● YOUR GOAL: Give back exactly the lines from the beginning of the listing below to the line holding "Top it off!", both ends included; the pictures stay out.

Start of MATERIAL PROVIDED

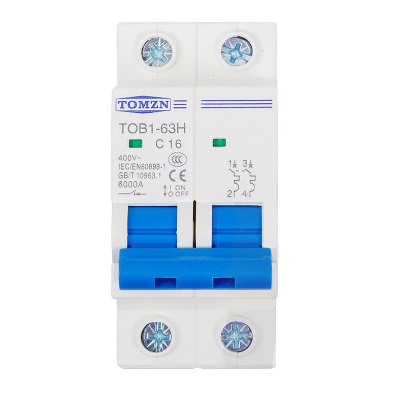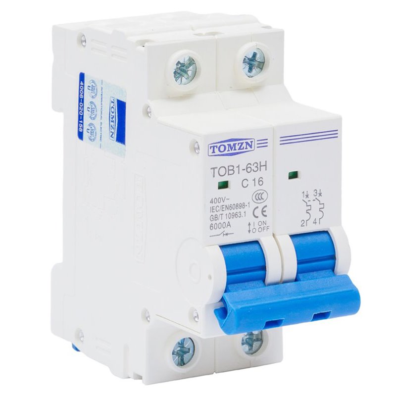 Автоматический выключатель переменного тока TOMZN TOB1-63H-C16, 2P, 230В-400В, 16А (175868)
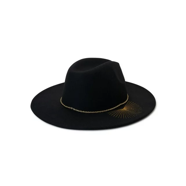 Top it off! Time and Tru's Fedora Hat completes any outfit to perfection. This fashion-forward hat features chic chain trim, embroidered accents and a wide brim for added coverage. Such a cute accessory for a sunny day. Exclusively at Walmart.
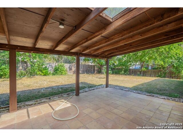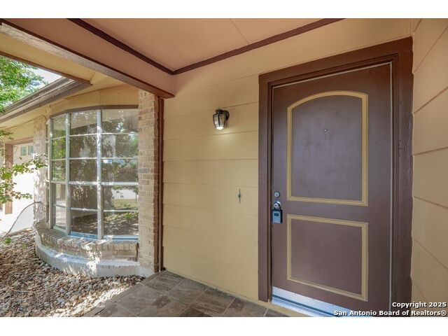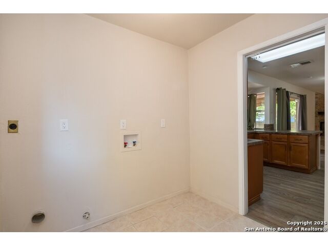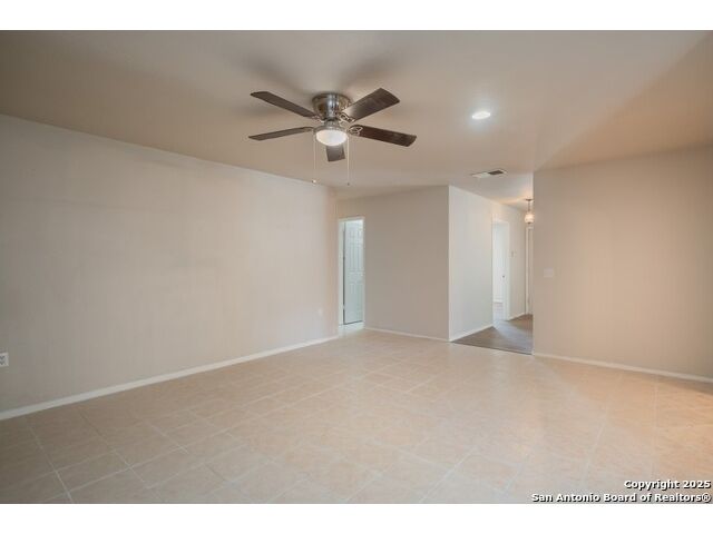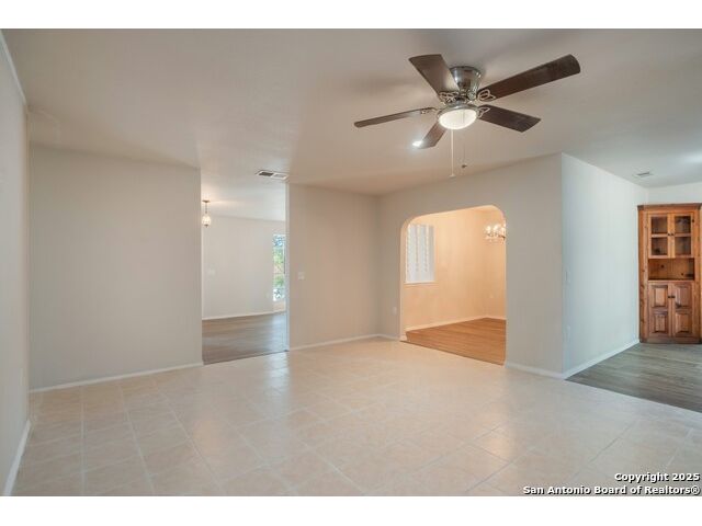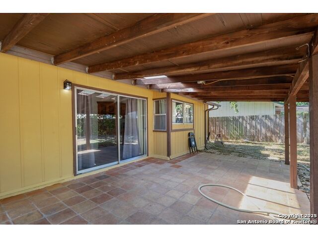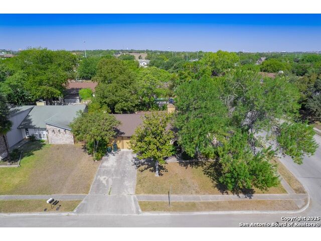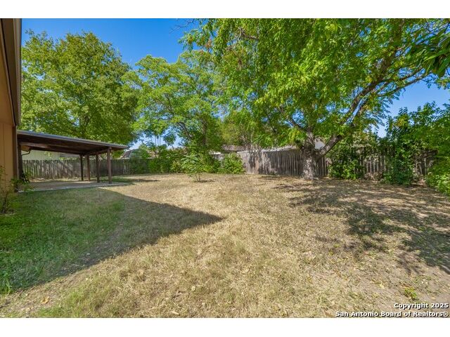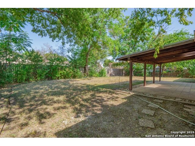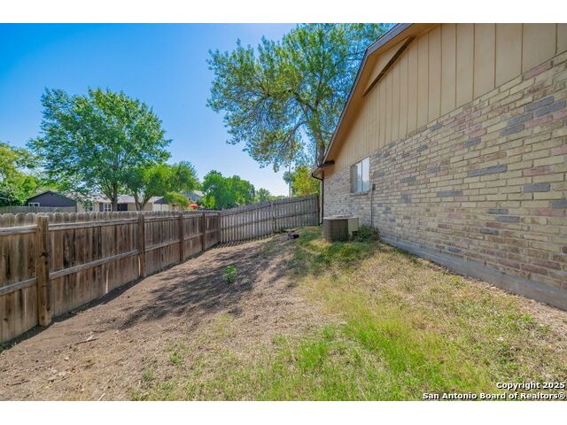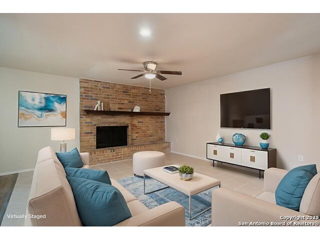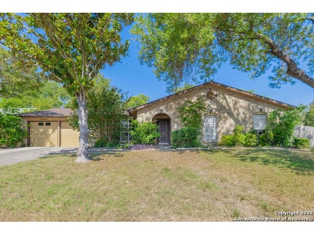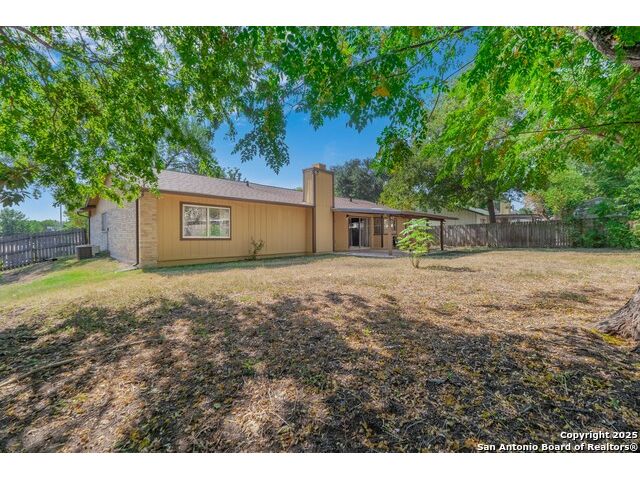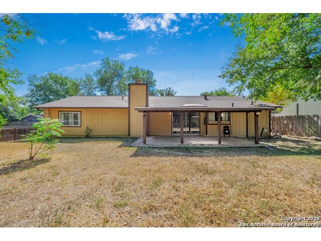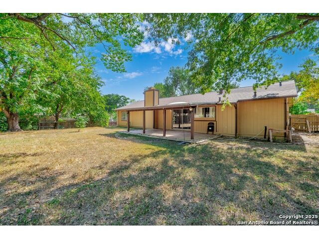 Welcome to this vacant 4-bedroom, 2-bath home offering 1,694 sq. ft. of living space in the desirable Cimarron subdivision. Set on a spacious 0.24-acre corner lot, this single-story home combines comfort, function, and convenience. The thoughtful floor plan is designed for flexibility. The foyer opens to a family room, while the living room serves as the heart of the home with a cozy brick fireplace. The kitchen includes an eat-in breakfast nook that seamlessly connects to the living room and provides direct access to the backyard for easy indoor-outdoor gatherings. The laundry room is conveniently located off the kitchen and accessible through the attached 2-car garage. The private primary suite is tucked away at the rear of the home and offers an ensuite bath with a shower/tub combo, single vanity, and walk-in closet. Three secondary bedrooms share a full bath, making the layout ideal for family, guests, or a home office. Outdoors, enjoy a covered patio, privacy-fenced backyard, mature trees, and plenty of space for relaxation or entertaining. Highlights include a roof repaired two years ago with a transferable warranty and a transferable foundation warranty. The home is also being sold AS-IS. Located just minutes from Loop 1604, I-35, Randolph AFB, schools, parks, shopping, and dining, this property blends suburban comfort with easy access to everything San Antonio has to offer.
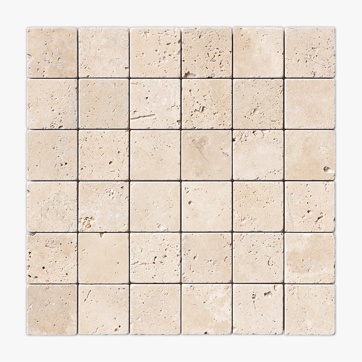 Ivory Light Tumbled 2x2 Travertine Mosaic
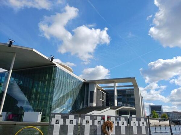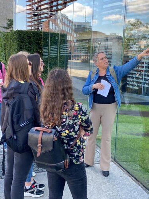 Bei einer abschließenden Exkursion in Form eines Spaziergangs von der Friedrichstraße zum Potsdamer Platz haben wir vieles entdecken können, was im Kurs thematisiert worden war und somit einen unmittelbaren Bezug zu den Prüfungsfragen hatte. Der Tränenpalast als Zeugnis der deutschen Teilung ist ein Beispiel dafür oder das Denkmal "Züge ins Leben. Züge in den Tod", das an die Transporte jüdischer Kinder von Deutschland nach Großbritannien in den Jahren nach den Pogromen im Jahr 1938 erinnert. Auch das Kunstwerk "Grundgesetz 49" am Jakob-Kayser-Haus, die Weißen Kreuze am Spreeufer und die Erinnerungsorte für die Opfer des Nationalsozialismus haben wir besucht.
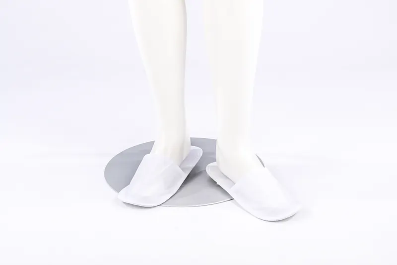Disposable indoor slippers. Made of white, non-woven Polypropylene (PP) fabric with a semi-rigid sole. Available with an open or closed toe and in various sizes.
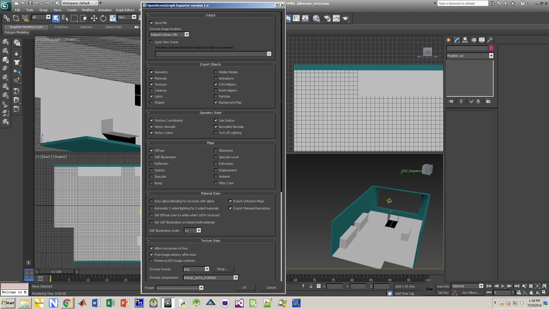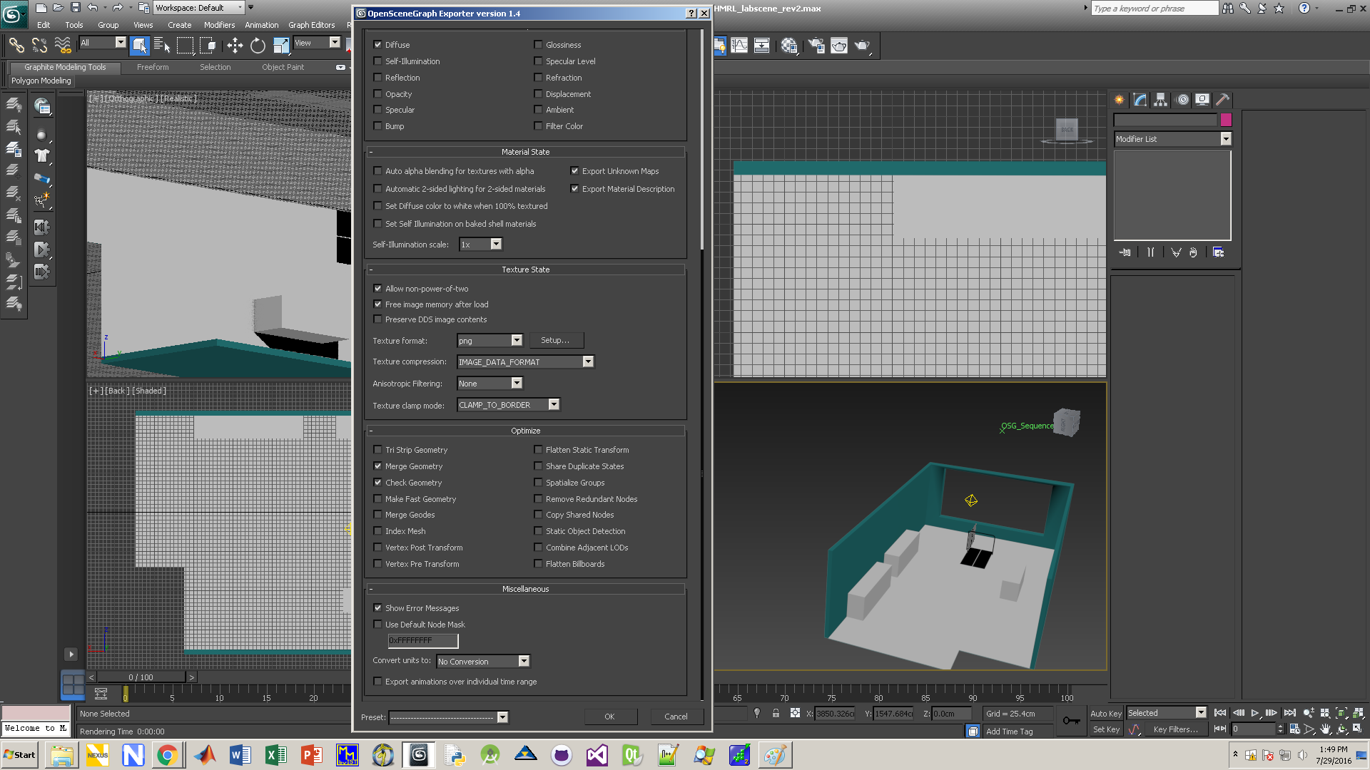 I know this has been a topic a few times, but I can't figure out how to get the osgb exporter in 3ds to export my diffuse maps correctly. I've attached images of my desired export result, how it looks when rendered in 3ds, and my osgb export settings. I apologize the screen shot from Vizard is dark, but the issue is that none of my maps made it through the export process.
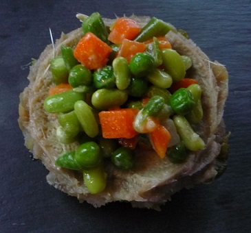 - ◊ Légumes taillés en cubes de 5 millimètres, pochés et liés au beurre (petits pois et haricots verts 35%, carottes, navets et flageolets 65%. Dressés en fonds d’artichauts.

End of MATERIAL PROVIDED

● RESULT:
 Автоматический выключатель переменного тока TOMZN TOB1-63H-C16, 2P, 230В-400В, 16А (175868)
 Top it off! Time and Tru's Fedora Hat completes any outfit to perfection. This fashion-forward hat features chic chain trim, embroidered accents and a wide brim for added coverage. Such a cute accessory for a sunny day. Exclusively at Walmart.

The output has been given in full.